The ACCC is in panic mode about the gas shortage.
We forecast a shortfall of 9 PJ in the east coast market over July-September 2025 (quarter 3) if LNG producers export all their uncontracted gas, and a surplus of 6 PJ if they only export their anticipated spot sales. This is a 22 PJ decline in the east coast supply-demand balance compared to the forecasts contained in our December 2024 report.
Quarter 3 historically sees the highest domestic gas demand and the potential for a shortfall will increase pressure on the east coast gas market.
The worsened outlook has been primarily caused by a 13.6 PJ decline in forecast production across multiple basins and projects. The forecast supply shortfall for the southern states is now projected to be 40 PJ for quarter 3, an historic high (below).
LNG producers have also forecast a 7 PJ reduction in the amount of gas supplied to the domestic market via seasonal gas swaps and an increase of 3 PJ in gas exports under their long-term foundational contracts.
The most recent forecast significantly differs to our last forecast of a surplus in quarter 3 2025 even if LNG producers exported all their uncontracted gas.
This change reflects the inherent uncertainty of forecasting, but also the susceptibility of the outlook to short-term changes in gas production and availability of LNG producer gas in circumstances of declining production from existing fields in the southern states.

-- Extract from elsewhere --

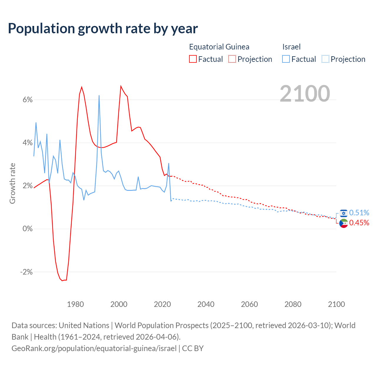 - For the last 10 years, Equatorial Guinea has had an average growth rate of +3.15% per year vs +1.96% in Israel.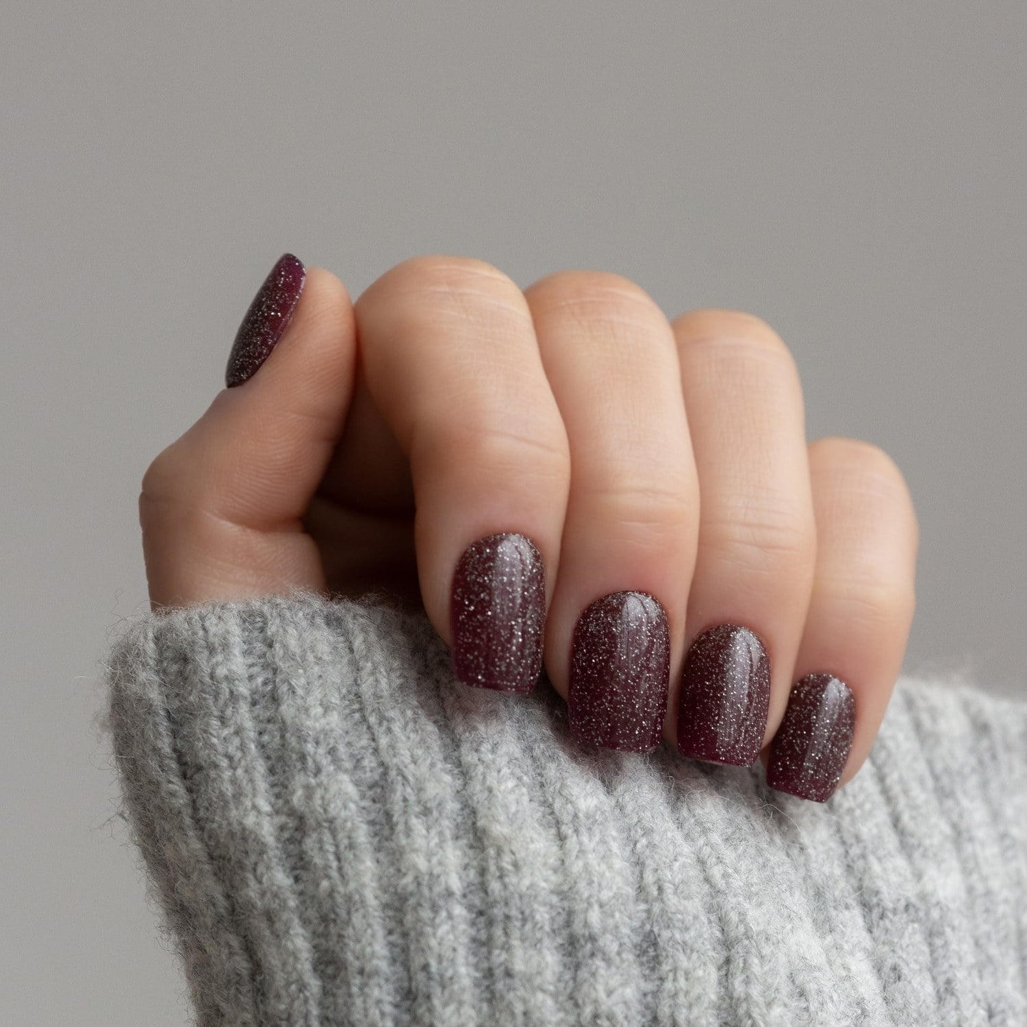 Dużo brokatu na ciemnoczerwonych paznokciach na idealny glam!

In short, this winter, the gas cartel will engineer a new gas and power price shock by selling all surplus gas to China.
This is just as LNG imports begin, and the export cartel drives the local marginal price to import parity.
According to Asia gas futures markets, this will push the local gas price to $20Gj or above and local power prices up by another 40% just as power rebates roll off.

It will be a household income and inflation catastrophe.

But you now have a choice. The Dutton opposition has released its plan for a national gas reservation policy. It will force uncontracted gas into the local market until the price is below $10Gj by pushing the gas cartel with fines.
There is plenty of gas to do this.

And it will drive down energy bills even as rebates are scrapped.

Moreover, this policy makes the ALP’s Building Australia Plan to save industry obsolete. By making energy half the price it will be otherwise, it will stop the bleeding in a much wider cross-section of manufacturing versus Albo’s rubbish plan of assembling Chinese components to make solar panels, which is hardly “manufacturing”.
By itself, it will also add to disinflation, save the budget billions, and lower interest rates.
It will also finally restore strained relations with foreign gas customers as approvals are accelerated and contracts are met.
Finally, it is unlikely to boost carbon output as more gas exports displace more coal in Asia. This impact will be greater than local coal plants that are kept operating a little longer in the open instead of secretly by corrupt Labor state governments because they have no gas.
As LVO says, this is not the perfect policy. Energy prices should be lower still. Decarboisation should be faster.
But it ends the worst ten years of energy policymaking in Australian history and stops the imminent threat of the LNG import Gasmageddon.
Nuclear energy is more expensive than renewable energy in the long run, but it will still be gas that is the marginal price setter for electricity, and the capability to split the atom has obvious national security benefits. Especially in support of AUKUS. Even more so without it!
This policy alone means everybody should vote for the LNP in their own interest and that of the nation.